A Bioinspired Coiled Cable-Driven Manipulator: Mechatronic Design and Kinematics Planning With Multiconstraints

The cable-driven hyper-redundant manipulators (CDHRMs) are especially suitable for operations in the long narrow confined space due to their light-slender and superior dexterous bodies. However, the high redundancy also brings challenges to mechanical structure and kinematic planning. In this article, a highly compact coiled CDHRM (C-CDHRM) that mimics the coiling behavior of snakes is designed, including 12 fully-constrained rigid bodies, 36 double-screw retractors, and a coiled feeding mechanism that can coil or uncoil according to task needs.

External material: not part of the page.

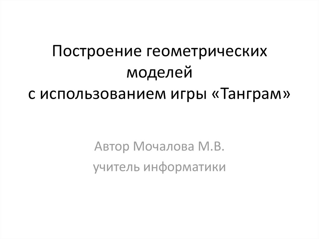 1. Построение геометрических моделей с использованием игры «Танграм»
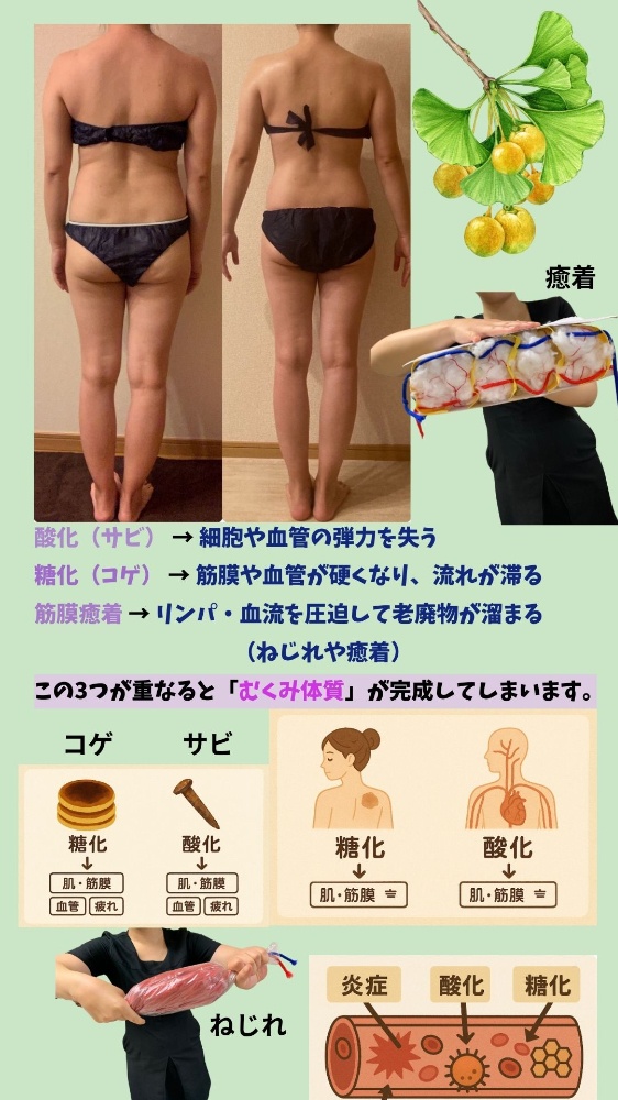 それらを生む、筋膜の癒着を解放し、溜まった毒素を出す、リンパ節・筋膜・筋肉・排泄すべての要素が集まった施術です。

Corresponding to the characteristics of the C-CDHRM, a variable redundancy kinematic model (VRKM) is established, including the equivalent mapping from the planning point to the cable length and the analytical approximate workspace that can determine the minimum number of active segments according to the target. Based on the VRKM, multiconstraint kinematic planning (MCKP) is presented, which integrates the smoothness of cable-driven joints, the mobility of the feeding base, and the collision-free performance of complex environments. In simulation tests, the MCKP has a higher success rate, smoother angular distribution, and less motion than typical methods. Furthermore, the MCKP can continuously get joint configurations of reaching the target in dense obstacles. Finally, a prototype is developed and typical experiments are performed. The results show that the VRKM and MCKP enable the bioinspired coiled manipulator to exert excellent dexterity and maneuverability.